[Data entries]
-=-=-
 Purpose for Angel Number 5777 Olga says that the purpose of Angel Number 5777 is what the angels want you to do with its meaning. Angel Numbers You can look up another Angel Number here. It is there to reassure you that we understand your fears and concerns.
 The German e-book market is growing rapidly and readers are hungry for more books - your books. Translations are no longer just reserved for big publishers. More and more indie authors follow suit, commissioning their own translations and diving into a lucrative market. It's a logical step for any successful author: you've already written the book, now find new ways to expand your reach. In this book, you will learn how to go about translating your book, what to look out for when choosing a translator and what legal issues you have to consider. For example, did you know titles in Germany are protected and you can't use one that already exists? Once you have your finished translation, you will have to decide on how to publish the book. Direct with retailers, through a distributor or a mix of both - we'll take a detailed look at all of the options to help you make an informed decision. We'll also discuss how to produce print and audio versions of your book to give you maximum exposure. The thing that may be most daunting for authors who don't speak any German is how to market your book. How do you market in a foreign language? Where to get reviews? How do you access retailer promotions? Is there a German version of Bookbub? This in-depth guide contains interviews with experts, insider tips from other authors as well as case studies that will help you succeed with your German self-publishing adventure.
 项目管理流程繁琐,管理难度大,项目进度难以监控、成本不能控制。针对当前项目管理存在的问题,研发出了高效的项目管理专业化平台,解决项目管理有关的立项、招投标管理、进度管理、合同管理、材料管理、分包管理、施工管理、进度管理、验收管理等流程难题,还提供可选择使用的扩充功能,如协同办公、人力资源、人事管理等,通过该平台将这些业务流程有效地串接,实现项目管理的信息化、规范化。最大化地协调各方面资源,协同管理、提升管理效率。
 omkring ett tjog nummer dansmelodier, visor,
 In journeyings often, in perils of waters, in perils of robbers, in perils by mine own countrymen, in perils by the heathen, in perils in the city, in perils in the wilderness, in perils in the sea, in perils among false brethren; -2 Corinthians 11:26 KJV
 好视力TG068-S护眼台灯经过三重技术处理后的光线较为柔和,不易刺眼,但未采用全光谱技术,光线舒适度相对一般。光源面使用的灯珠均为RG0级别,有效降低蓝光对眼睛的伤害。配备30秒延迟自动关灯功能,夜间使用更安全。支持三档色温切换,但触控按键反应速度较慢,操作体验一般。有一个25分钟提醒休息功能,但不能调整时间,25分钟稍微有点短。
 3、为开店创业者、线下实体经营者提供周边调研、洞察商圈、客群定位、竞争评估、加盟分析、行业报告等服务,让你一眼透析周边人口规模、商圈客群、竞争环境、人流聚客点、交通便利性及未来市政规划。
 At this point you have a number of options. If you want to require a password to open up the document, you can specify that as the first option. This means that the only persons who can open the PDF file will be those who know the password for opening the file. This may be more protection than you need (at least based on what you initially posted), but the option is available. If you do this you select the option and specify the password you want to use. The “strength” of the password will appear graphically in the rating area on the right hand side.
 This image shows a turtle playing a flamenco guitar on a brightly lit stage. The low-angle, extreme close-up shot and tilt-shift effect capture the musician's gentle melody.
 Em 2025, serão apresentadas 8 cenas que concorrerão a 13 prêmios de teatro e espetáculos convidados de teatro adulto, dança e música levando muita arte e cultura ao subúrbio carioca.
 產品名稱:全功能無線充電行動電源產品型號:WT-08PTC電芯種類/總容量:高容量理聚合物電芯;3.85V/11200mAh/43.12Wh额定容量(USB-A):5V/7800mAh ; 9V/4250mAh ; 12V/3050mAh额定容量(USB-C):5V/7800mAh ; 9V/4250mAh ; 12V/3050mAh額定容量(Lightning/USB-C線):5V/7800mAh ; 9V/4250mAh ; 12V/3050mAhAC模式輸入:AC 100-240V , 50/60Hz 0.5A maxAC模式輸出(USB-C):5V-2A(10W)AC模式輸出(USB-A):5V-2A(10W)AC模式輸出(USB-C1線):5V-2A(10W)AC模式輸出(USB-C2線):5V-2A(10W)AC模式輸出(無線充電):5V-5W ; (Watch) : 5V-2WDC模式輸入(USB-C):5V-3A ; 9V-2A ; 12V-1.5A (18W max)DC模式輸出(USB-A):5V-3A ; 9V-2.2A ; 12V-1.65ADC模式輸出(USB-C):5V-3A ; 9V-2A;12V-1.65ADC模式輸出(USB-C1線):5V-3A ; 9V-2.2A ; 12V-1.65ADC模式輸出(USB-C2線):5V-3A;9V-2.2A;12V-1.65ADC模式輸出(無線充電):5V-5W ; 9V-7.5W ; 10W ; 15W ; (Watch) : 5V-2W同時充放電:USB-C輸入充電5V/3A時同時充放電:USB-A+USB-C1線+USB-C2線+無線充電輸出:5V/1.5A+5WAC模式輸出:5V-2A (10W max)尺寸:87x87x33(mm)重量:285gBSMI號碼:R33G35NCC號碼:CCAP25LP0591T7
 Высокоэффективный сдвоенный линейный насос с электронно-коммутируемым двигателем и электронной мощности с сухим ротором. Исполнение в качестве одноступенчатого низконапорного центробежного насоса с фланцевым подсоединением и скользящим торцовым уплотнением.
-=-=-
• **What this task involves**
A word-for-word restatement of the data above is required.

• **Result for this task**
 Purpose for Angel Number 5777 Olga says that the purpose of Angel Number 5777 is what the angels want you to do with its meaning. Angel Numbers You can look up another Angel Number here. It is there to reassure you that we understand your fears and concerns.
 The German e-book market is growing rapidly and readers are hungry for more books - your books. Translations are no longer just reserved for big publishers. More and more indie authors follow suit, commissioning their own translations and diving into a lucrative market. It's a logical step for any successful author: you've already written the book, now find new ways to expand your reach. In this book, you will learn how to go about translating your book, what to look out for when choosing a translator and what legal issues you have to consider. For example, did you know titles in Germany are protected and you can't use one that already exists? Once you have your finished translation, you will have to decide on how to publish the book. Direct with retailers, through a distributor or a mix of both - we'll take a detailed look at all of the options to help you make an informed decision. We'll also discuss how to produce print and audio versions of your book to give you maximum exposure. The thing that may be most daunting for authors who don't speak any German is how to market your book. How do you market in a foreign language? Where to get reviews? How do you access retailer promotions? Is there a German version of Bookbub? This in-depth guide contains interviews with experts, insider tips from other authors as well as case studies that will help you succeed with your German self-publishing adventure.
 项目管理流程繁琐,管理难度大,项目进度难以监控、成本不能控制。针对当前项目管理存在的问题,研发出了高效的项目管理专业化平台,解决项目管理有关的立项、招投标管理、进度管理、合同管理、材料管理、分包管理、施工管理、进度管理、验收管理等流程难题,还提供可选择使用的扩充功能,如协同办公、人力资源、人事管理等,通过该平台将这些业务流程有效地串接,实现项目管理的信息化、规范化。最大化地协调各方面资源,协同管理、提升管理效率。
 omkring ett tjog nummer dansmelodier, visor,
 In journeyings often, in perils of waters, in perils of robbers, in perils by mine own countrymen, in perils by the heathen, in perils in the city, in perils in the wilderness, in perils in the sea, in perils among false brethren; -2 Corinthians 11:26 KJV
 好视力TG068-S护眼台灯经过三重技术处理后的光线较为柔和,不易刺眼,但未采用全光谱技术,光线舒适度相对一般。光源面使用的灯珠均为RG0级别,有效降低蓝光对眼睛的伤害。配备30秒延迟自动关灯功能,夜间使用更安全。支持三档色温切换,但触控按键反应速度较慢,操作体验一般。有一个25分钟提醒休息功能,但不能调整时间,25分钟稍微有点短。
 3、为开店创业者、线下实体经营者提供周边调研、洞察商圈、客群定位、竞争评估、加盟分析、行业报告等服务,让你一眼透析周边人口规模、商圈客群、竞争环境、人流聚客点、交通便利性及未来市政规划。
 At this point you have a number of options. If you want to require a password to open up the document, you can specify that as the first option. This means that the only persons who can open the PDF file will be those who know the password for opening the file. This may be more protection than you need (at least based on what you initially posted), but the option is available. If you do this you select the option and specify the password you want to use. The “strength” of the password will appear graphically in the rating area on the right hand side.
 This image shows a turtle playing a flamenco guitar on a brightly lit stage. The low-angle, extreme close-up shot and tilt-shift effect capture the musician's gentle melody.
 Em 2025, serão apresentadas 8 cenas que concorrerão a 13 prêmios de teatro e espetáculos convidados de teatro adulto, dança e música levando muita arte e cultura ao subúrbio carioca.
 產品名稱:全功能無線充電行動電源產品型號:WT-08PTC電芯種類/總容量:高容量理聚合物電芯;3.85V/11200mAh/43.12Wh额定容量(USB-A):5V/7800mAh ; 9V/4250mAh ; 12V/3050mAh额定容量(USB-C):5V/7800mAh ; 9V/4250mAh ; 12V/3050mAh額定容量(Lightning/USB-C線):5V/7800mAh ; 9V/4250mAh ; 12V/3050mAhAC模式輸入:AC 100-240V , 50/60Hz 0.5A maxAC模式輸出(USB-C):5V-2A(10W)AC模式輸出(USB-A):5V-2A(10W)AC模式輸出(USB-C1線):5V-2A(10W)AC模式輸出(USB-C2線):5V-2A(10W)AC模式輸出(無線充電):5V-5W ; (Watch) : 5V-2WDC模式輸入(USB-C):5V-3A ; 9V-2A ; 12V-1.5A (18W max)DC模式輸出(USB-A):5V-3A ; 9V-2.2A ; 12V-1.65ADC模式輸出(USB-C):5V-3A ; 9V-2A;12V-1.65ADC模式輸出(USB-C1線):5V-3A ; 9V-2.2A ; 12V-1.65ADC模式輸出(USB-C2線):5V-3A;9V-2.2A;12V-1.65ADC模式輸出(無線充電):5V-5W ; 9V-7.5W ; 10W ; 15W ; (Watch) : 5V-2W同時充放電:USB-C輸入充電5V/3A時同時充放電:USB-A+USB-C1線+USB-C2線+無線充電輸出:5V/1.5A+5WAC模式輸出:5V-2A (10W max)尺寸:87x87x33(mm)重量:285gBSMI號碼:R33G35NCC號碼:CCAP25LP0591T7
 Высокоэффективный сдвоенный линейный насос с электронно-коммутируемым двигателем и электронной мощности с сухим ротором. Исполнение в качестве одноступенчатого низконапорного центробежного насоса с фланцевым подсоединением и скользящим торцовым уплотнением.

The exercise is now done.